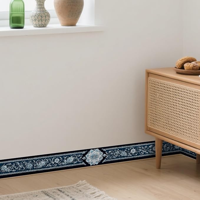 - The 2D printed blue floral medallion pattern gives it an elegant and centered look, and the material is sturdy for lasting use.
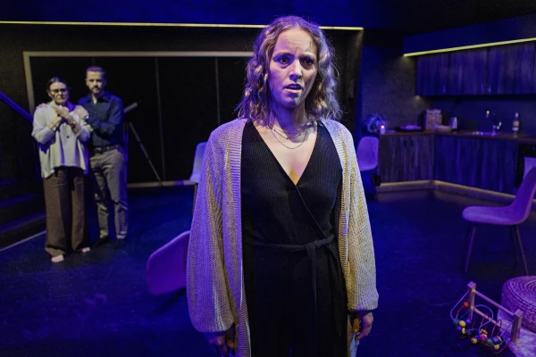 Sonia Haga spelar Jenny. Hon hör mystiska och skrämmande ljud varje natt, klockan 02:22. I bakgrunden står Laura och Benny, som spelas av Tove Qvickström och Markus Lytts. Bild: Frank A Unger
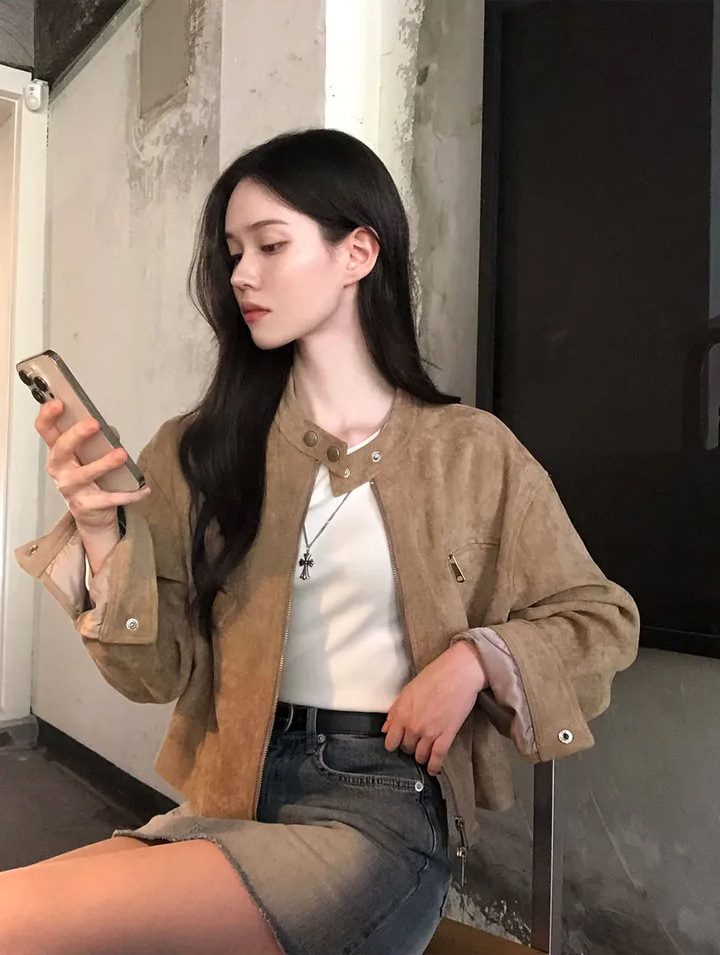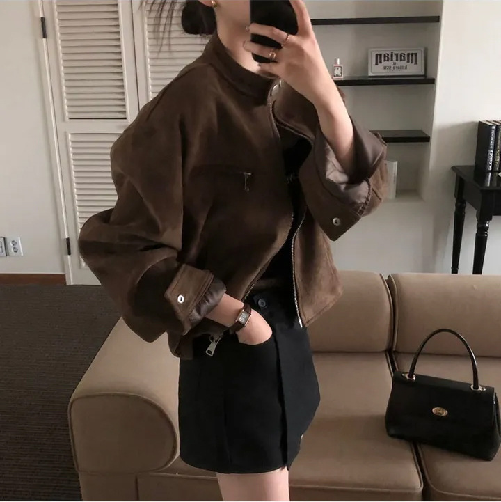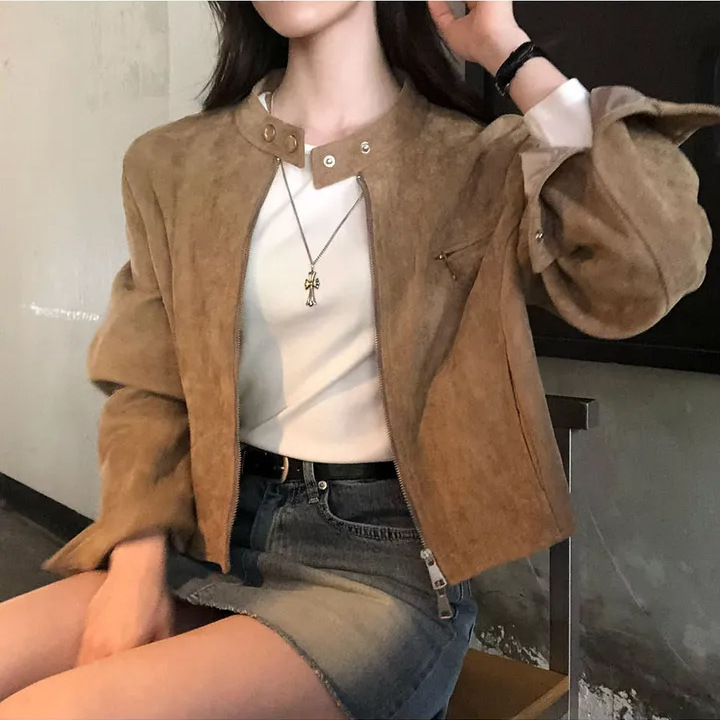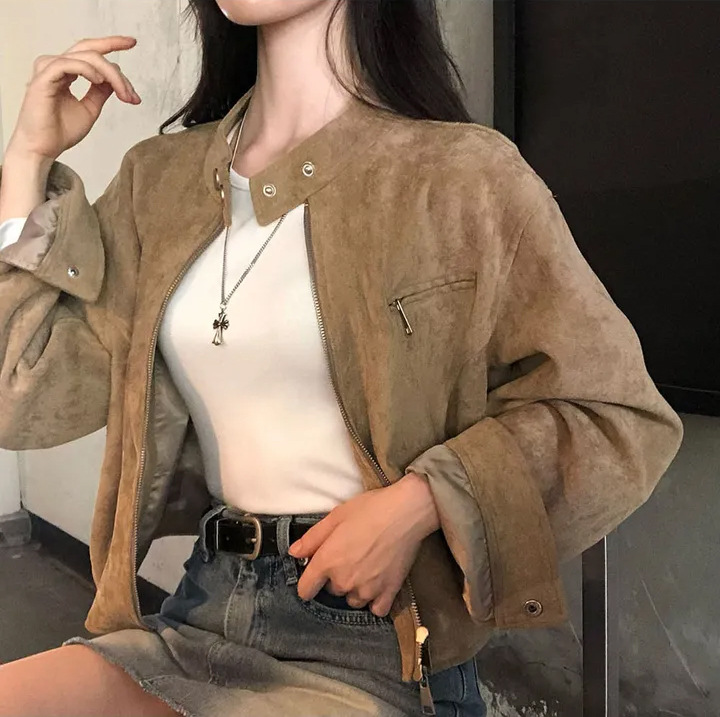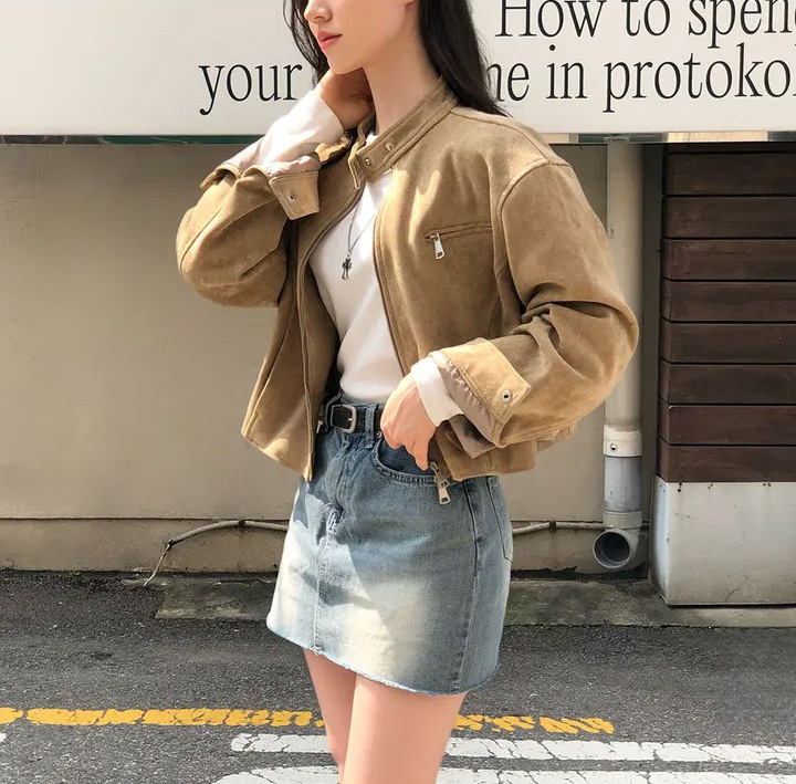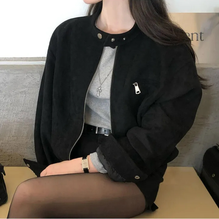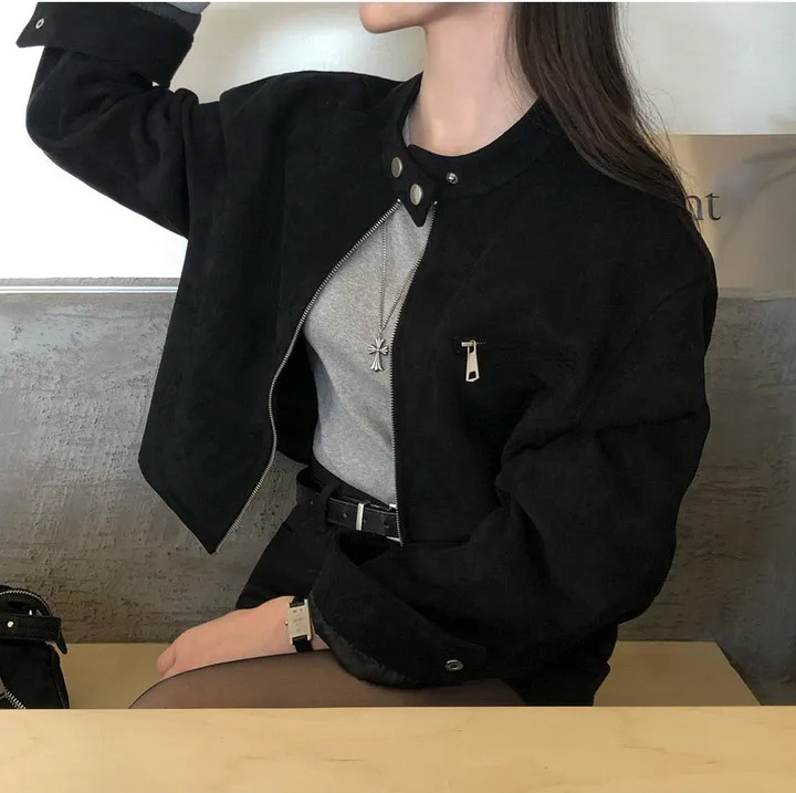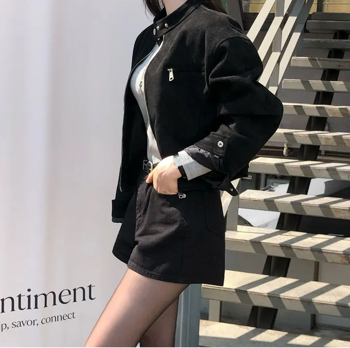 한국 세련된 가을 복고풍 기질 스탠드 업 칼라 지퍼 포켓 루즈하고 다재다능한 여성용 짧은 오토바이 재킷스토어 가기
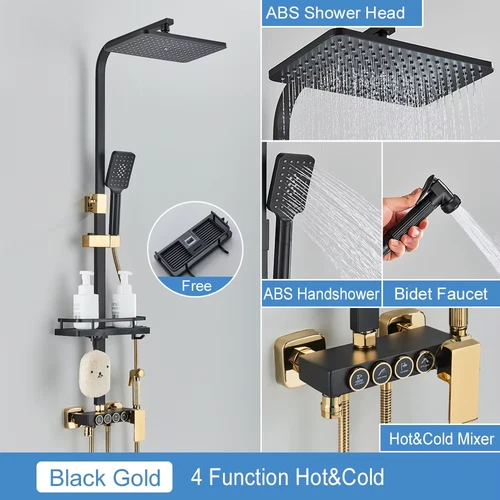Black Thermostatic LCD Shower Faucet Set Temperature Display Rainfall Bathtub Ta
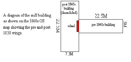 The wheel, which was attached to the north west wall of the original building and sunk into a deep wheel-pit, would have become enclosed when the new wing was added. This is not an unusual arrangement as it ensures that the mill wheel can operate in all seasons, even at temperatures below freezing. It seems likely that the stocks continues to be housed on the lowest floor of the main building whilst the northern building was added to house the new power-driven weaving frames. Perhaps this wing was the “New Building containing byre for 4 cows, two-stall stable, barn and pig house with a large weaving room above, the whole of stone with blue slate” mentioned in the 1855 survey.
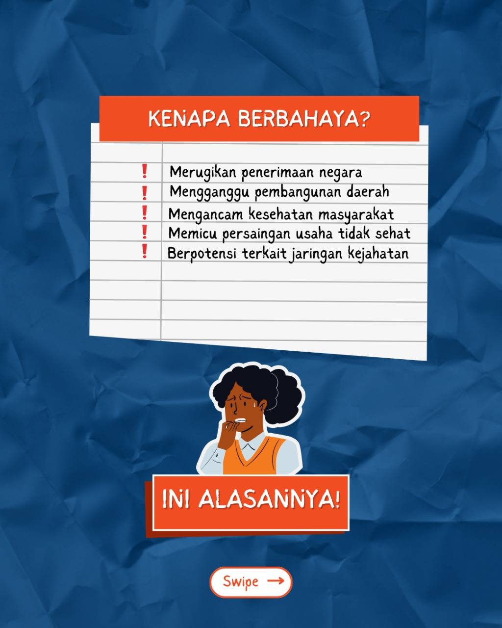 Rokok ilegal itu tidak hanya merugikan negara, tapi juga membahayakan kesehatan dan menghambat pembangunan daerah.
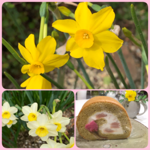 どこへ行っても桜が満開です🌸春爛漫!遅かった庭の匂い水仙も開き始めました。今日は午後からの営業でしたが気温が高いので一気に全部開いてしまいそうです。今週は桜のロールケーキ、ごまのシフォンケーキをご用意しました。(後半は変わる予定です)今月のコーヒーは「炭焼スペシャルブレンド」「苦い」というイメージがあるかもしれませんがそれほどの苦みは無くミルクを入れた際のバランスもありコーヒー感の残るブレンドになっています。甘いケーキと一緒にいかがでしょうか?今週もどうぞよろしくお願いいたします。
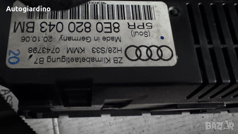 Климатичен блок / панел / табло зa Audi A4 - 8E0820043BM
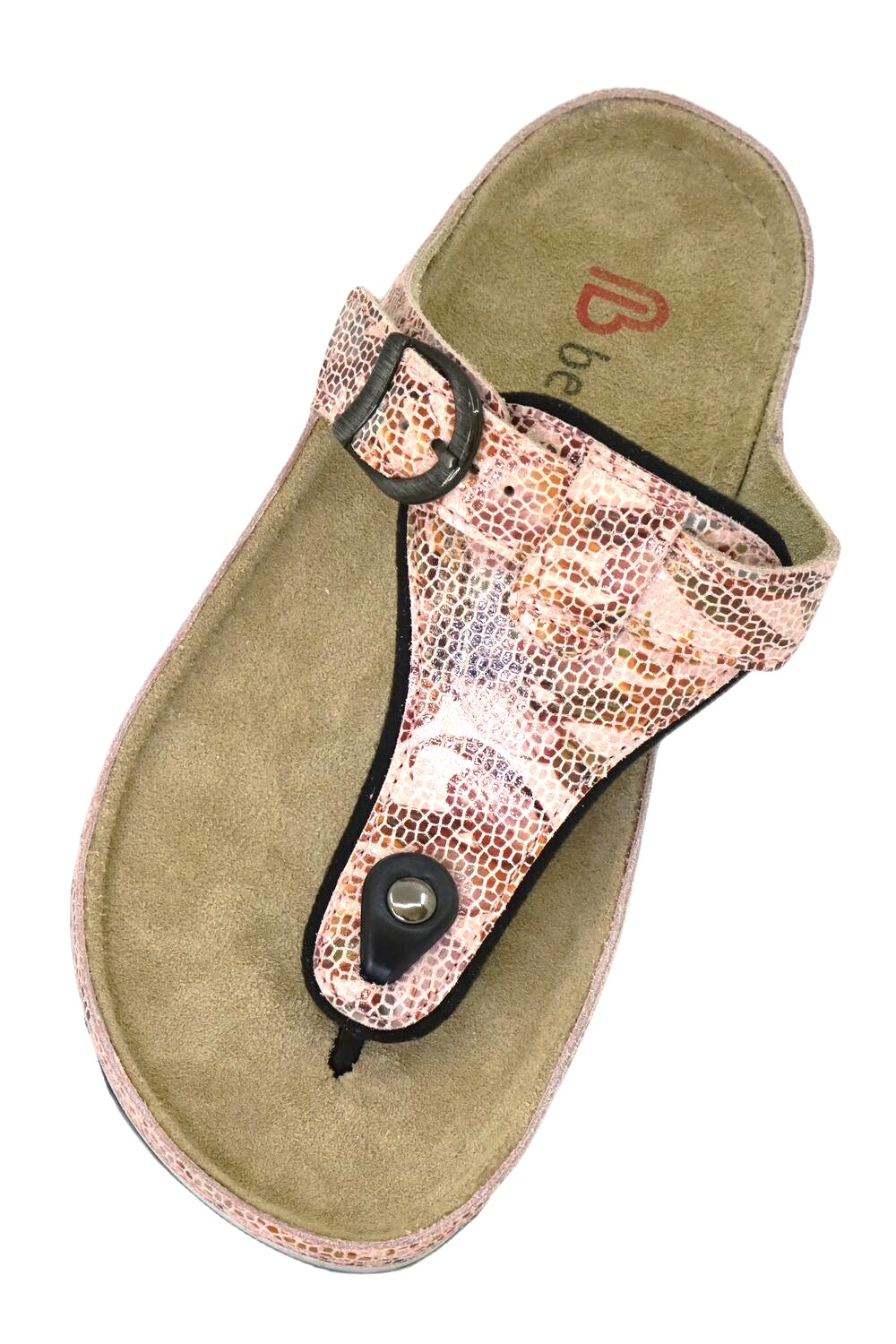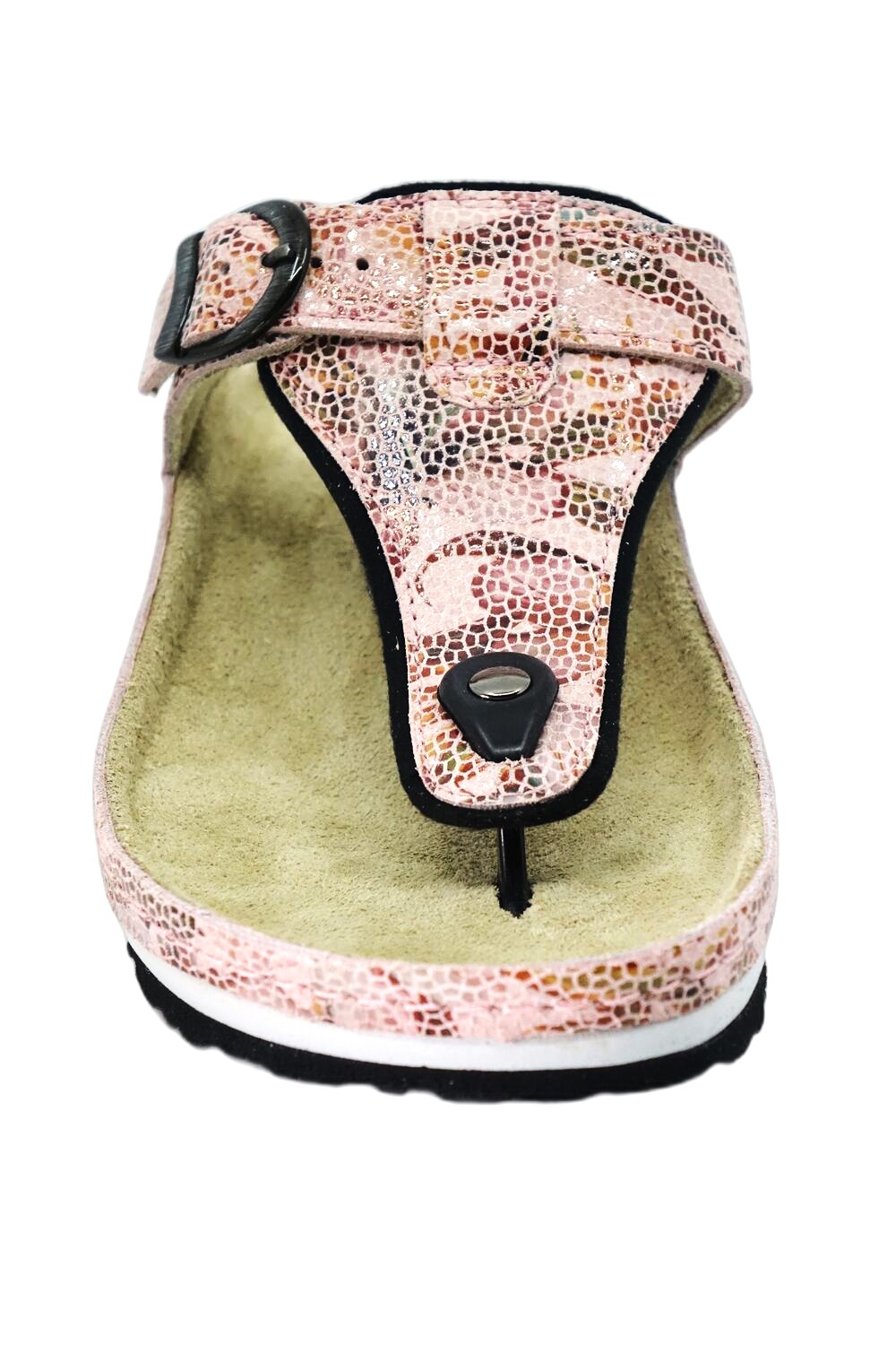 Klapki BERKEMANN Mila (japonki)500 01351 20 różowy to letnie obuwie w typie japonek ze skóry nubukowej. Piękny wakacyjny wzór typu boa dodaje butom ciekawego wyglądu. Regulacja podbicia za pomocą sprzączki. Skórzana wyprofilowana wkładka podpiera łuki stopy, odciąża kręgosłup i przynosi ulgę zmęczonej stopie. Posiada wałek podpierający palce. Korytkowa budowa zapewnia stopie prawidłowe ułożenie. Podeszwa szeroka wykonana z tworzywa wysokiej jakości. W ofercie mamy też eleganckie buty na haluksy.

* * * * *

◆ **Activity**: Transcribe exactly and only the lines from the top of the records through the line containing "Black Thermostatic LCD", inclusive, and do not copy the pictures.

◆ **Response to the exercise**:
 - The 2D printed blue floral medallion pattern gives it an elegant and centered look, and the material is sturdy for lasting use.
 Sonia Haga spelar Jenny. Hon hör mystiska och skrämmande ljud varje natt, klockan 02:22. I bakgrunden står Laura och Benny, som spelas av Tove Qvickström och Markus Lytts. Bild: Frank A Unger
 한국 세련된 가을 복고풍 기질 스탠드 업 칼라 지퍼 포켓 루즈하고 다재다능한 여성용 짧은 오토바이 재킷스토어 가기
Black Thermostatic LCD Shower Faucet Set Temperature Display Rainfall Bathtub Ta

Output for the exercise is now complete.